As the name suggests, prefabrication construction involves constructing components of a build off-site so that once delivered to the construction site they can be installed quickly and easily. The modular prefabrication method, going one step further, involves constructing entire sections of the building off-site. This ‘plug and play’ model of construction assists builders in overcoming common delays caused by weather, human error, missing components or late materials, as well as avoiding on-site accident and injury. As technology advances and we see the likes of 3D printing become integral parts of the construction process, the possibilities for prefabrication continue to grow. From single building components such as window fixtures, internal and external walls, to entirely pre-manufactured rooms complete with plumbing and electrical fittings, prefab buildings are:
- Easier to schedule for construction
- Quicker to install
- Less likely to result in injury or accident (thanks to work being completed in an off-site location under controlled conditions)
- Not as greatly affected by weather conditions
- Cheaper, overall, than traditional construction methods
What does it mean for commercial construction?
Of course, the most appealing feature of prefab construction is its ability to assist in keeping costs lower thanks to shorter and less labour-intensive construction times. The pressures on construction firms to maintain tight budgets and ever-dwindling margins makes prefabrication an attractive alternative to traditional construction methods.
As labour costs and construction delays are the two largest factors contributing to overspend on a construction project, the potential savings and risk mitigation involved with prefabrication are significant. Delivering prefabricated components to a construction site means that little more than a crane operator and several extra hands are needed to assemble the components. In more traditional construction methods, for example, building a masonry wall would involve delivering materials, setting up and maintaining appropriate scaffolding, and labour-intensive construction of the wall itself. Prefabrication means less labour is required on-site to get the job done, which subsequently also lowers safety risks as well as wage costs.
Of course, any technological advancement carries its fair share of risk to jobs within the industry. However, prefabrication offers a unique opportunity for the commercial construction sector. The prefabrication construction method allows for a greater degree of employee specialisation as well as creating new jobs in the prefabrication stages of construction.
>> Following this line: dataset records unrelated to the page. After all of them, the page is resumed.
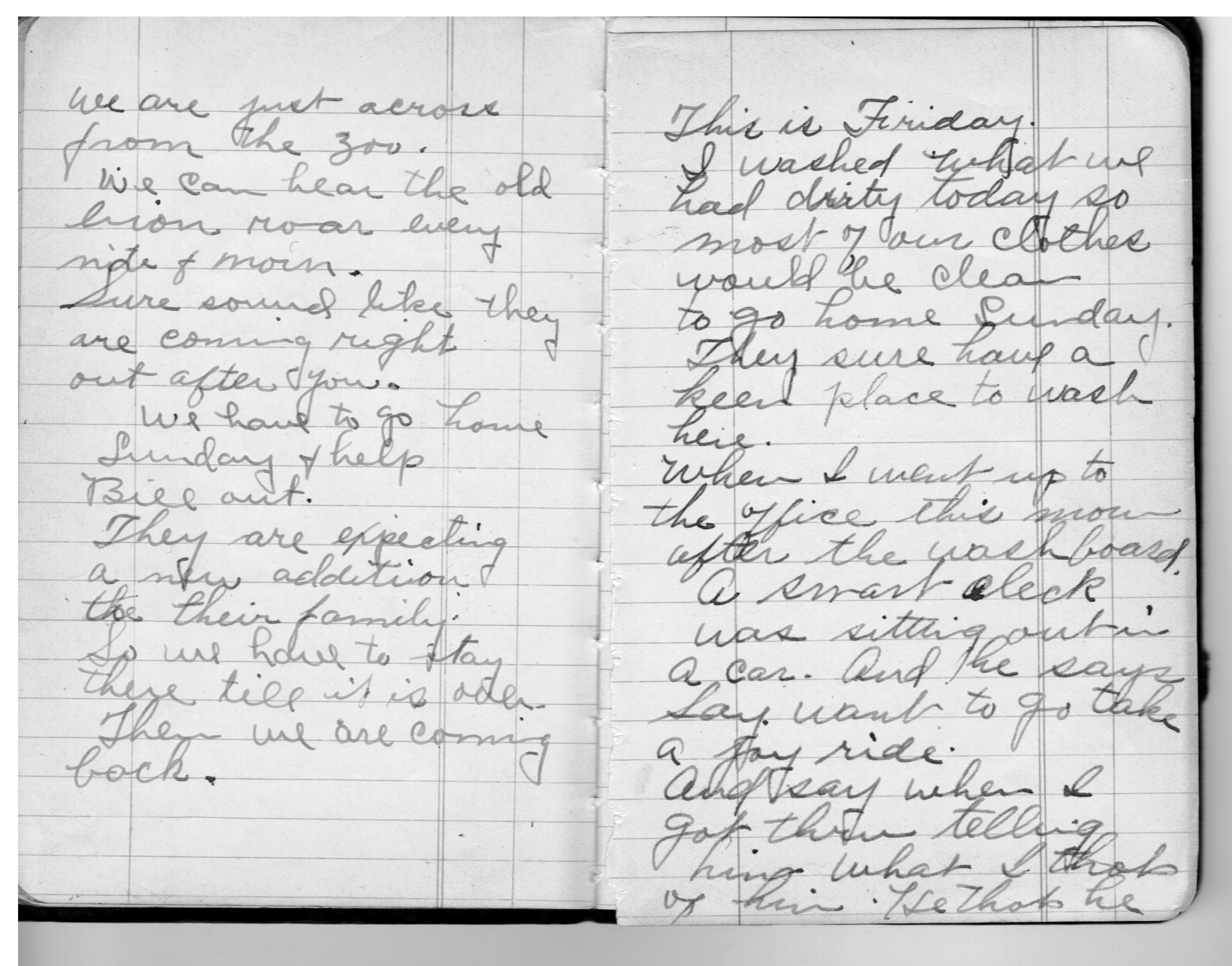 Is just across from the park. Can hear the Lions roar. Haven’t went over to see the animals yet. but figure on doing so tomorrow. Have a real nice cabin to live in. Have to pay $8.00 a week.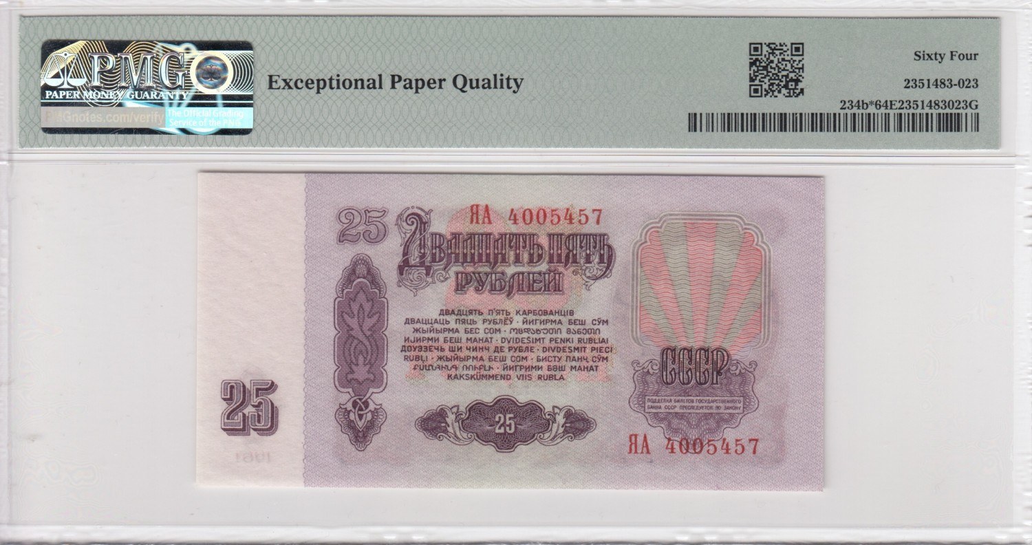 Russia (USSR, State Bank) 25 Rubles 1961 - Replacement - PMG 64 EPQ Choice Uncirculated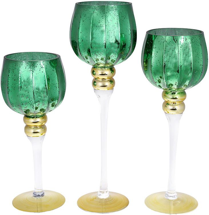 Подсвечники стеклянные выполнены в виде цветных бокалов. Материал - цветное стекло. Цвет наружный - зеленый с золотом. В наборе 3 подсвечника высотой 30см (диаметр=13см), 35см (диаметр=13см) и 40см (диаметр=13см). Подсвечники упакованы в подарочную безопасную коробку с пенопластом.
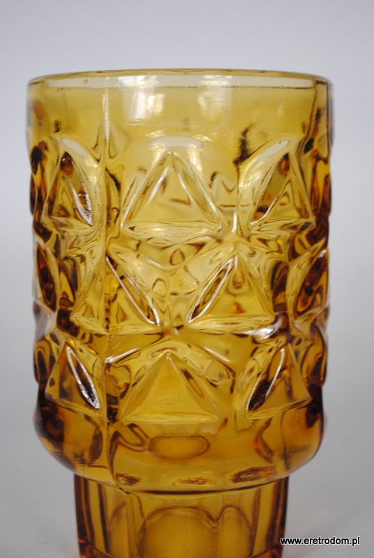 Wazon nazywany Promieniotwórczość. Projekt Jana Sylwestra Drosta dla HSG Ząbkowice. Szkło prasowane, barwione w masie.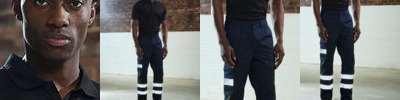 Hard-wearing polycotton fabric with WR finish. Durable nylon overlay panels offer extra protection from sharp objects. Reinforced triple stitched seams and crotch.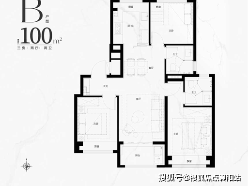 2. 100㎡三房两厅两卫:主力户型,改善优选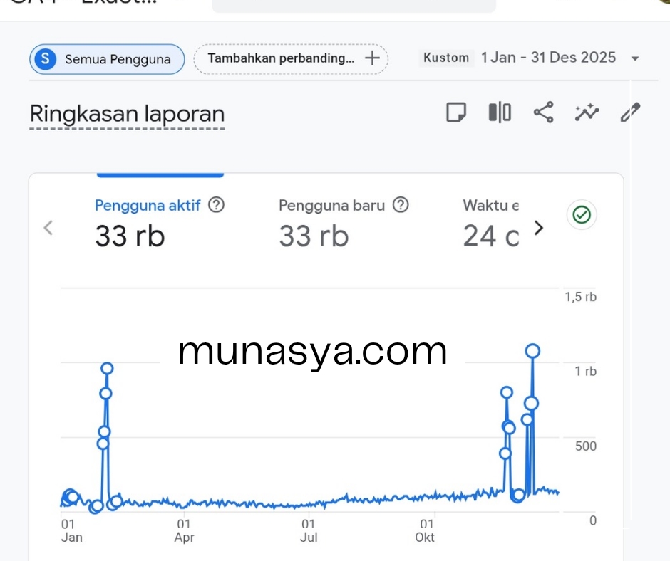 Berdasarkan data Google Analytik 4 (GA4) mulai 1 Januari 2025 hingga 31 Desember 2025 , Pageview Blog Munasya totalnya adalah 43 ribu dengan rasio rata-rata 24 detik. Itu berarti dalam satu hari terdapat 100-200 kunjungan. Atau dalam satu bulan sekitar 3.500 kunjungan.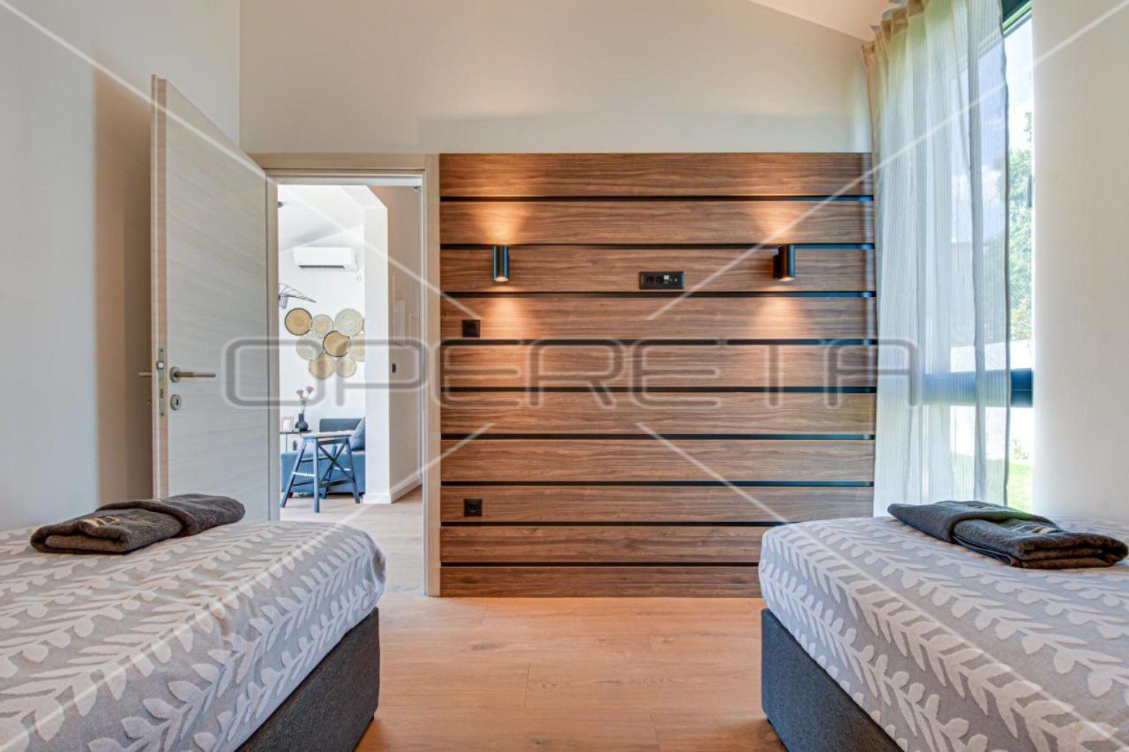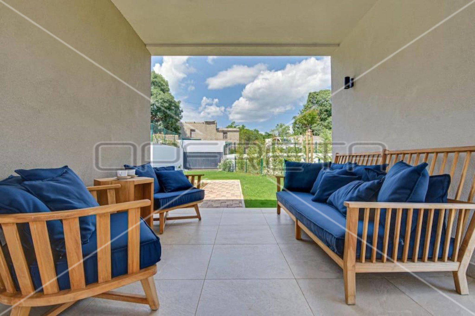 Kuća površine 102m2 sastoji se od dvije spavaće sobe, dvije kupaonice, dnevnog boravka s kuhinjom i blagovaonicom u jednoj cjelini, koje imaju izlaz na natkrivenu terasu i vrt sa sunčalištem i bazenom od 40m2.

From an employee point of view, across a commercial construction site, labourers must operate with a broad skillset, whilst prefabrication means that workers can specialise in more specific areas and develop their skills to a greater degree. Prefabrication, in saving costs for both residential and commercial construction, reduces the costs of construction and enables the industry to grow. This, no doubt, will result in new and more specialised construction roles and a far greater degree of efficiency and safety across the sector. There’s no doubt we’ll be seeing more of this revolutionary construction method around Australia in the years to come.